§ **TASK TO COMPLETE**
Without the pictures, retype each line below exactly as it stands.

§ **GIVEN MATERIAL**

__________

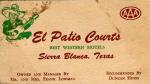 | "El Patio Courts ofrece "los mejores moteles occidentales" en Sierra Blanca, Texas. |
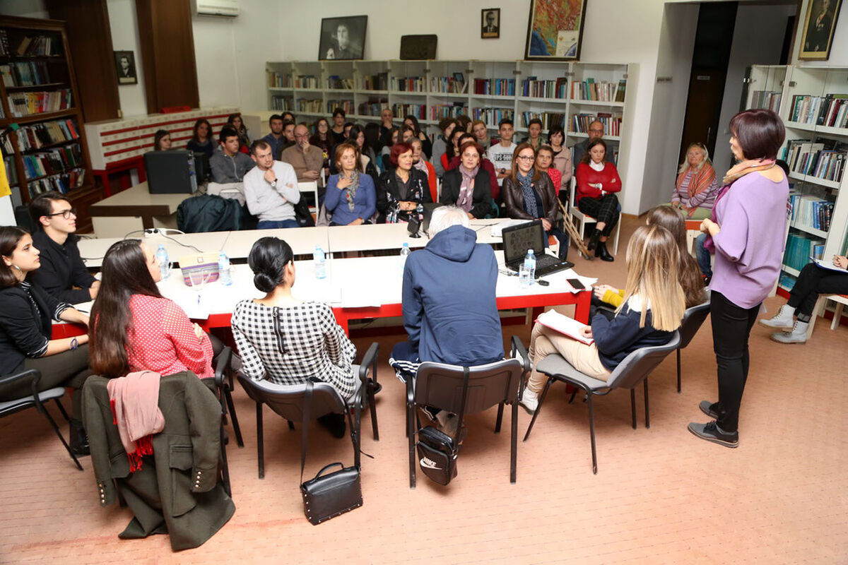 U čitaonici gradske biblioteke “Ivo Vučković”, program prve tribine vodili su maturanti Gimnazije “Niko Rolović” Miloš Đuranović, Mirela Čobić, Ivana Mašanović i Barbara Brzić.
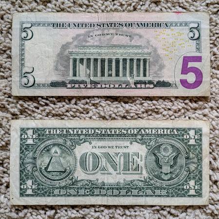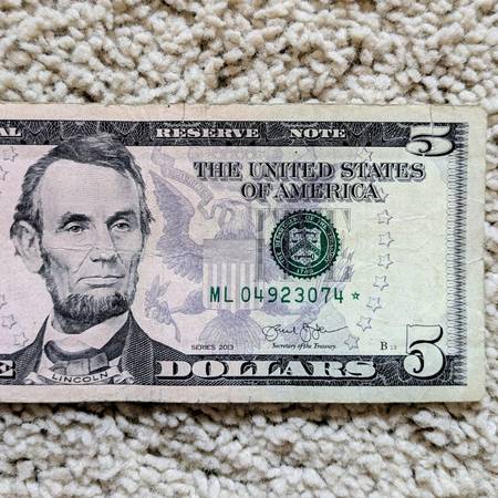 Here is a pair of STAR Federal Reserve notes of $5 and $1 dollar denominations. Both are in good circulated condition. Both serial numbers start with zero 0. Selling them together as a single batch - will not sell individually. You get the exact bills in the photos.

__________

§ **OUTPUT FOR THIS EXERCISE**
 | "El Patio Courts ofrece "los mejores moteles occidentales" en Sierra Blanca, Texas. |
 U čitaonici gradske biblioteke “Ivo Vučković”, program prve tribine vodili su maturanti Gimnazije “Niko Rolović” Miloš Đuranović, Mirela Čobić, Ivana Mašanović i Barbara Brzić.
 Here is a pair of STAR Federal Reserve notes of $5 and $1 dollar denominations. Both are in good circulated condition. Both serial numbers start with zero 0. Selling them together as a single batch - will not sell individually. You get the exact bills in the photos.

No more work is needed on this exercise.